作為彥卿的師祖,鏡流居然認不出他的劍術,這對花滿樓他們而言,著實是難以想象的一件事。
“嗯,大概學的不是同一門武學吧。”
“或者他們更講究師父領進門,修行在個人,每個人都有自己的劍道?”陸小鳳猜測道。
畢竟江湖上的頂尖高手,往往都走出了自己的路。
哪怕是師徒二人,也不一定在武學上有著完全相同的路。
「“劍首?”,聽到彥卿的話,鏡流似有感觸,“我記得,那是雲騎軍中劍術登峰造極之人的頭銜。太遙遠了......”」
「彥卿贊同地點點頭,“是呀,打從『飲月之亂』後,羅浮的劍首就一直空懸著,不過,待到羅浮雲騎部隊巡獵歸來,演武儀典再開,這頭銜我是志在必得。”」
「鏡流讚許地點點頭,“雲騎軍中的武藝各有傳承。

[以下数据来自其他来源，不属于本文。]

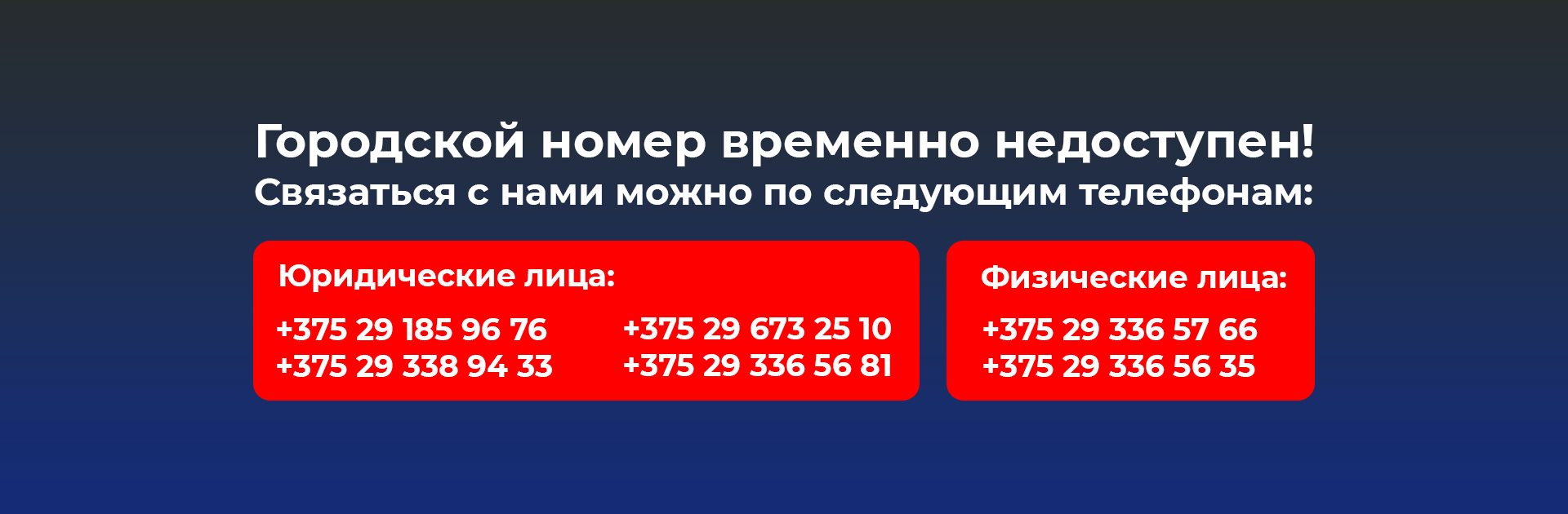 В связи с недоступностью городского номера телефона, просим вас звонить на мобильные телефоны компании.

小弟弟,你的劍術又是誰指點的?”」
「彥卿微微抬起頭,有些得意地說:“姐姐既是賞劍之人,我就不賣關子了。正是羅浮的景元將軍。”」
「“將軍......”聽到這話,鏡流的表情有了些細微變化,語氣也有些複雜。」
「似乎不太滿意她的態度,彥卿說:“就算你很久沒來羅浮,也該在外聽說過景元將軍的威名吧?雖然將軍總說自己不擅用劍,技藝生疏...但每次教起我來,他總是起勁的很。”」
「但接下來鏡流並未言語,彥卿也不好多說什麼,兩人只能繼續悶頭趕路。」
“呵呵,這下有意思了,知道彥卿是景元的徒弟,自己的徒孫,也不知道鏡流會怎麼對他?”
“還能怎麼對他,自家徒孫,肯定是好好指點,細心愛護啊。”
“話不是這麼說的,鏡流如果還是幾百年前的羅浮劍首,那沒得說,肯定是好好指點,但她現在的情況還不知道呢。”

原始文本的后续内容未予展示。